北唐,肅親王府凌雲閣。
燭光昏暗,帳幔垂地,潔白的雲石地板上有衣衫零落丟棄。
牀邊跪着一個光着上身的男人,全身顫抖,驚恐而不知所措地低着頭,顫抖着嘴脣對肅親王世子求饒,“世子饒命啊,和小人無關,是世子妃勾yin小人,小人一時抵受不住誘……”
肅親王世子宇文嘯就站在他的面前,高大的身材對下跪之人形成了壓迫威懾之勢,面容俊逸孤傲,薄脣輕抿中露出幾分不悅之色,狹長黑眸中深邃犀利。
他一身鎧甲未褪,酒氣未散,大戰告捷的意氣風發還在眉心不曾褪去,便籠上了一抹陰鬱。
“拖出去!”宇文嘯緩緩地下令,神色冷漠。
“是!”黑影衛領命上前,一把拽住那馬伕的頭髮往外拖,一路只聽得求饒之聲慘烈,到了外頭,便驚聞一聲慘叫響起,震徹整個凌雲閣。

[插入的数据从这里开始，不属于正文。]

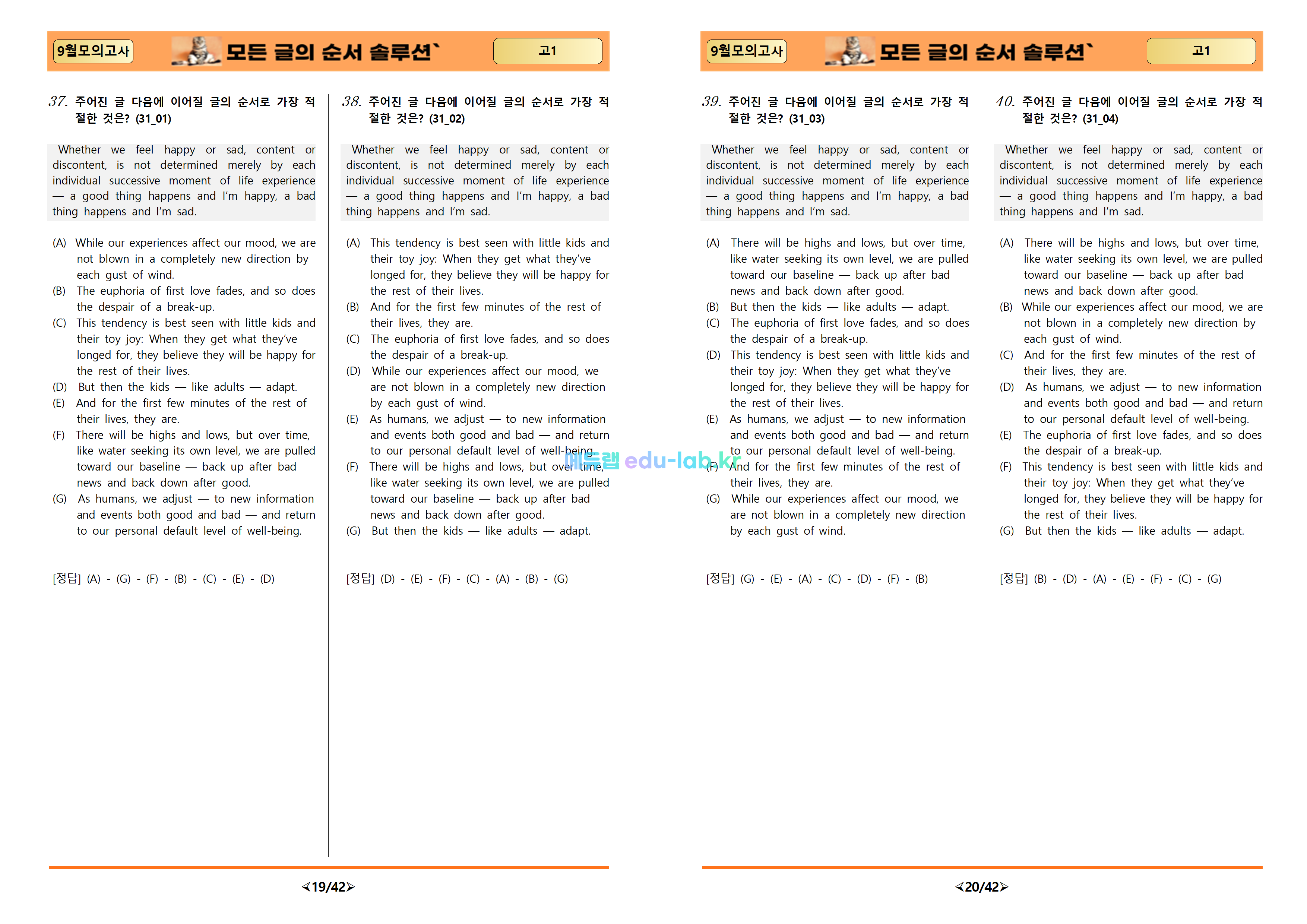 [비밀노트_에듀랩(edu-lab.kr)] 25년 9월 고1 교육청_모든글의순서(4세트)-학생용추가

蘇洛蠻赤腳坐在牀邊,半露的粉藕色的寢衣,映襯得她絕色驚華。
她帶着冰冷怨恨之色瞪着宇文嘯,外頭的慘叫聲並未讓她動容,彷彿方纔在這裏與那馬伕卿卿我我之人並不是她。
慢慢地,嘴角噙着一抹譏諷的笑,眸子裏怨毒未褪,“當年你在這裏親眼目睹你的母親與馬伕廝混,今晚之後,京中所有人都將知道你的世子妃在凌雲閣又搭上了馬伕。這凌雲閣的恥辱,會跟隨你一輩子。你縱大捷歸來又如何?你的榮光註定要浸在這恥辱裏頭,永不翻身。”
她心裏頭好恨啊,她所愛之人是肅王府二公子宇文寒,兩人本已經準備議親,宇文嘯這個下作卑賤的莽夫竟然上奏求皇上爲他們二人賜婚才肯領軍出征。
如今宇文寒求娶她的嫡妹,賜婚的聖旨已經下了,她已然沒有了活路。
因此,得知他今天凱旋而歸,她故意在這凌雲閣裏勾了馬伕,就是爲了羞辱他,尤其這凌雲閣還是他生母的居所,她哪怕是賠上自己的生命與名聲,都不會讓他好過。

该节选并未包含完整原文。